Director of the Museum of African-American History
- Interim
- Assumed office 2019 – 2020

Member of the United States Postal Service's Citizens' Stamp Advisory Committee
- Incumbent
- Assumed office 2018

Personal details
- Born: Spencer R. Crew January 7, 1949 (age 77)
- Education: Rutgers University
- Occupation: Professor, museum director, curator and writer

= Spencer Crew =

American professor, museum director, curator and writer

Spencer Crew (born January 7, 1949) is an American professor, museum director, curator and writer.

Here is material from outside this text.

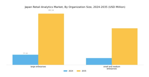 日本の小売アナリティクス市場は、組織規模に基づく多様な動向を示しており、市場のトレンドと成長に大きく影響しています。大企業は重要な役割を担っており、高度な分析ツールを活用してサプライチェーン管理の最適化、顧客体験の向上、戦略的意思決定の推進を図ることが多いです。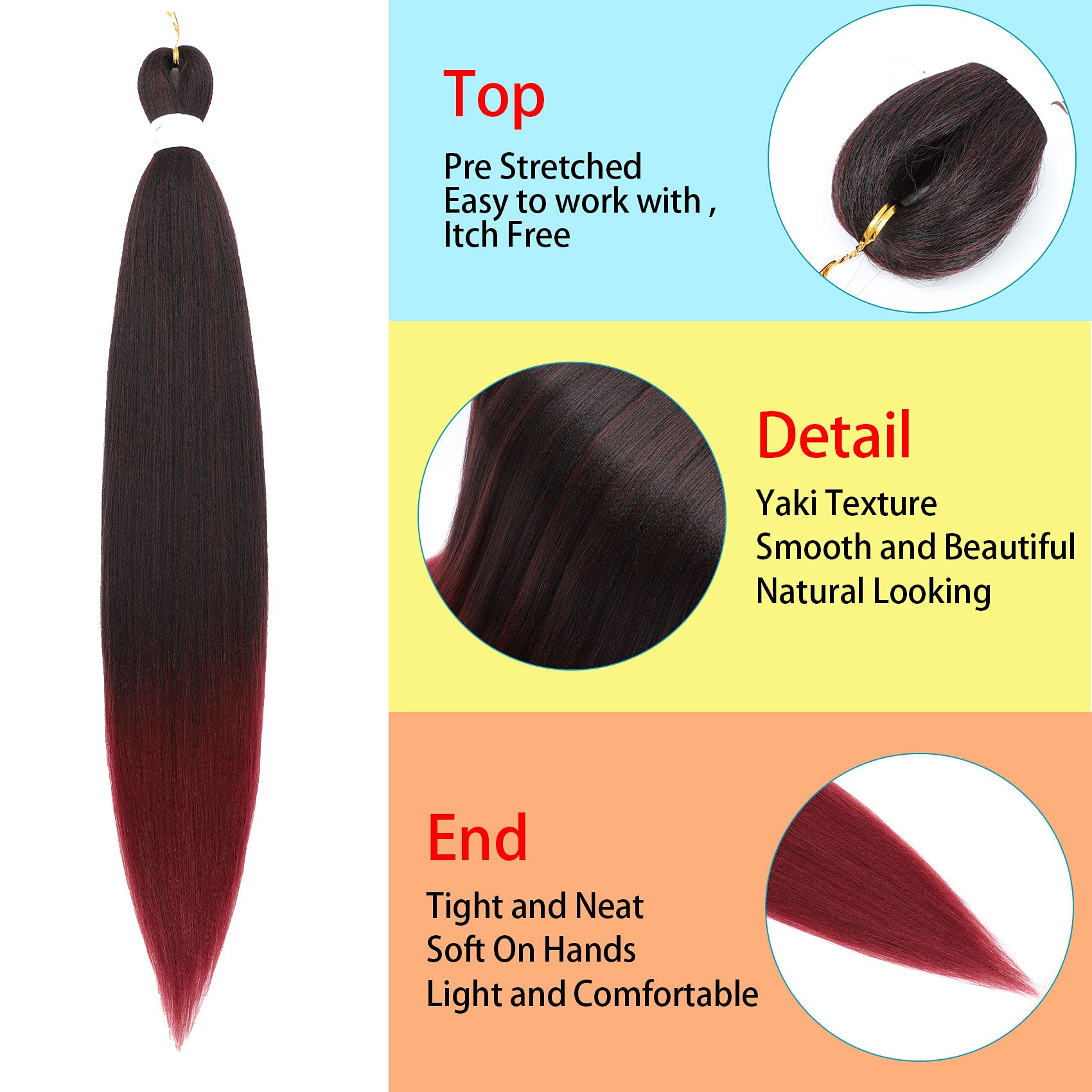 Pre Stretched Braiding Hair Extensions 32 Inch 8 Packs Synthetic Braiding Hair Crochet Braids Natural Easy Braid Crochet Hair Hot Water Setting Professional Soft Yaki Straight Texture 32inch 1b Purple

==Early life and education==
Born on January 7, 1949, in Woodmere Village, Ohio, Spencer R. Crew obtained a B.A. degree in history in 1971 from Brown University, and then from Rutgers University received his M.A. degree in history in 1973 and his Ph.D. in history in 1979. In 2003, he was named to the Rutgers Hall of Distinguished Alumni.

==Career==
Crew's career in museums began in 1981 when he was hired to work as a historian at the National Museum of American History (NMAH). In 1986, he curated his first exhibition at the museum, Field to Factory: African-American Migration, 1915–1940. He became the first African-American director of the NMAH in 1994.

In 2001, he became the director of the National Underground Railroad Freedom Center.

In 2019, Crew was appointed the interim director of the National Museum of African American History and Culture.

Crew is the Clarence J. Robinson Professor of U.S. history at George Mason University.